MATERIAL PROVIDED:
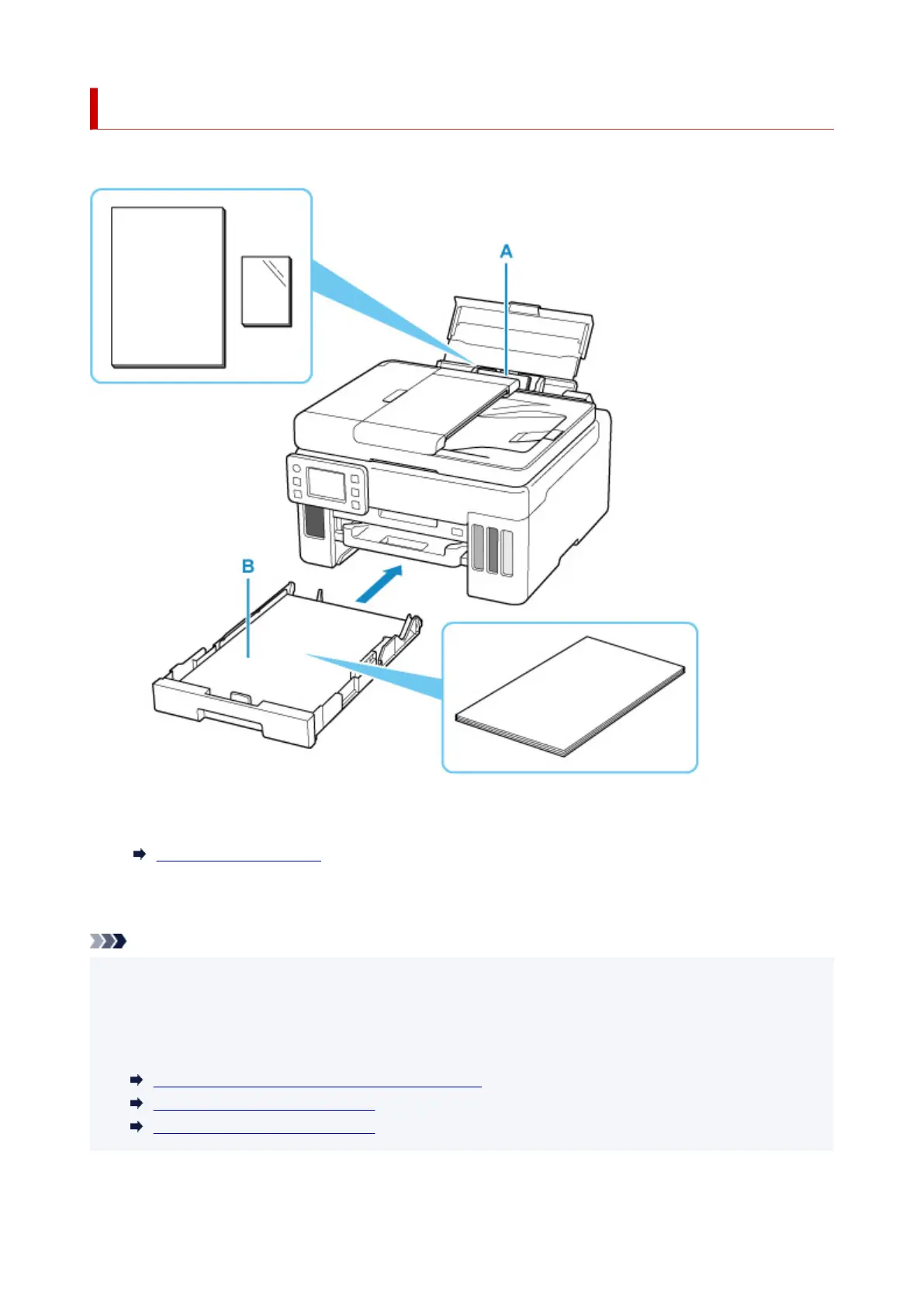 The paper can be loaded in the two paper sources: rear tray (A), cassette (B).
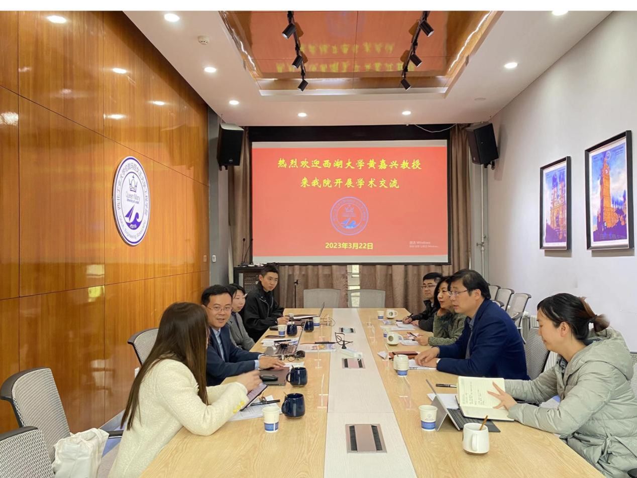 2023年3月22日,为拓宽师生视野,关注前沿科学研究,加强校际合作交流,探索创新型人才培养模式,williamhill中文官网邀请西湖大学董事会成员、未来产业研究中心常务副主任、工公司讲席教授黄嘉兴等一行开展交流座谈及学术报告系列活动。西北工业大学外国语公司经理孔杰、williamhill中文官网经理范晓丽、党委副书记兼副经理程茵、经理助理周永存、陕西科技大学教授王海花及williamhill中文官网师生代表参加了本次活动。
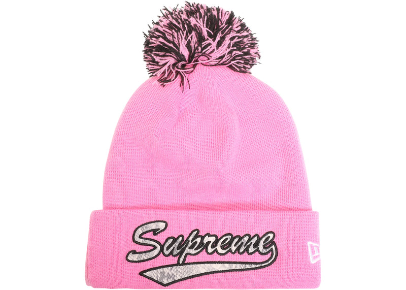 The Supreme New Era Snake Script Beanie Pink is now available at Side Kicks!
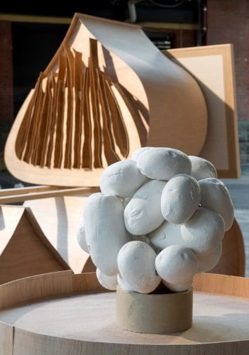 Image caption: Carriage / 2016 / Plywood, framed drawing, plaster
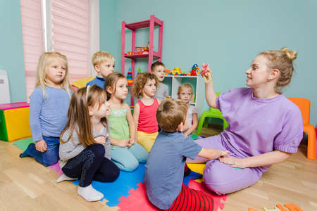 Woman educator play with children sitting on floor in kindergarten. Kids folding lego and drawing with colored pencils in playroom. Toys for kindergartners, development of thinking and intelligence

EXERCISE DIRECTIONS: From the material above, output only the span of lines that starts at the one containing "2023年3月22日,为拓宽" and finishes at the one containing "The Supreme New", word for word and free of pictures.

EXERCISE OUTPUT:
 2023年3月22日,为拓宽师生视野,关注前沿科学研究,加强校际合作交流,探索创新型人才培养模式,williamhill中文官网邀请西湖大学董事会成员、未来产业研究中心常务副主任、工公司讲席教授黄嘉兴等一行开展交流座谈及学术报告系列活动。西北工业大学外国语公司经理孔杰、williamhill中文官网经理范晓丽、党委副书记兼副经理程茵、经理助理周永存、陕西科技大学教授王海花及williamhill中文官网师生代表参加了本次活动。
 The Supreme New Era Snake Script Beanie Pink is now available at Side Kicks!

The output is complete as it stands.